[FOM] Type-Occurrence-Token (Slightly edited version of a message I sent Prof. Corcoran)

Mark Steiner marksa at vms.huji.ac.il
Thu Sep 22 16:28:03 EDT 2005


Wittgenstein, in Remarks on the Foundations of Mathematics IV, 39 says

39. The proposition 'a = a', 'p if and only p', "The word 'Bismarck' has 8
letters", "There is no such thing as reddish-green", are all obvious and are
propositions about essence: what have they in common? They are evidently
each of a different kind and differently used. The last but one is the most
like an empirical proposition.

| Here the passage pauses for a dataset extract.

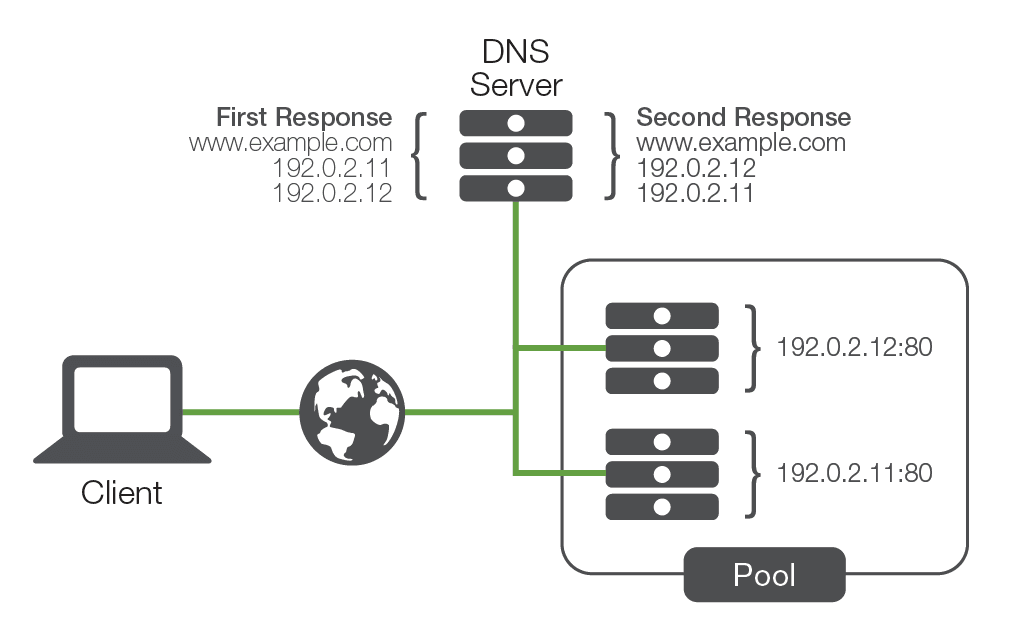 Under this method, the DNS would assign a number of unique IP addresses to different servers, under the same DNS name. This meant that the first time a user requested resolution for “www.example.com,” the DNS server would pass each new connection to the first server in line until it reached the bottom of the line—before going back to the first server again. This solution was simple and led to even distribution of connections across an array of machines.
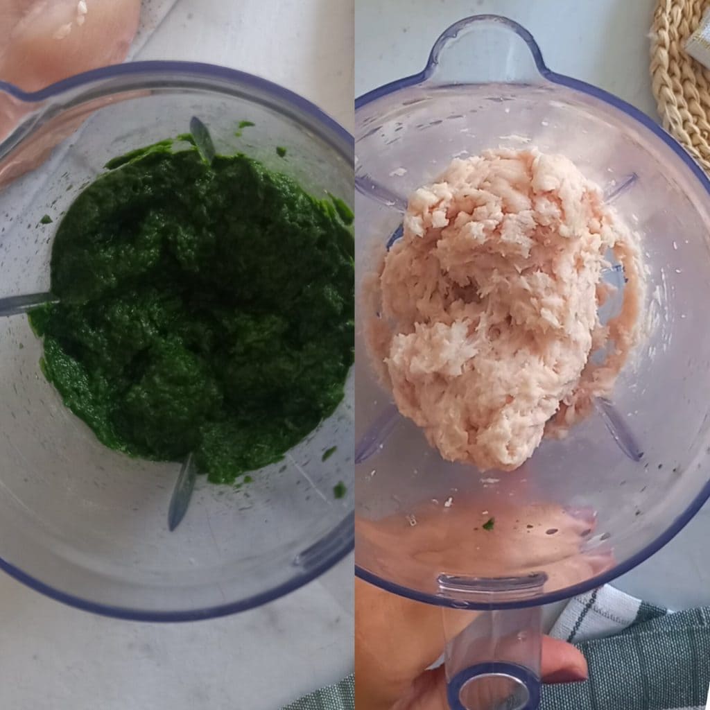 Once cooled, take a blender, chop the spinach, and then the chicken piece.

And it can understandably be called a
synthetic a priori proposition.
	It can be said: unless you put the series of numbers and the series
of letters side by side, you cannot know how many letters the word has.
(See also VI, 36 on the number of sounds in the words Plato, Daedalus,
OBEN.)

What Wittgenstein means by a "synthetic a priori" proposition, in my
opinion, is an empirical propositions which has been "hardened into a rule."
In this sense arithmetic propositions are synthetic a priori.  We can use
7+5=12 to predict the result of counting because it is based on an
underlying regularity.  At the same time, it functions as a rule, since it
is an arbiter of CORRECT counting.

"'Bismark' has 7 letters" according to Wittgenstein is either an empirical
proposition or a rule which gives the identity of the word 'Bismark'.  But
the rule is supervenient on the regularity of counting.

It would seem then that Wittgenstein has a version of the occurrence/token
distinction, according to which it is identical to (or perhaps replaced by)
the distinction between an experiment and a priori in mathematics, or
between an empirical proposition and a mathematical rule.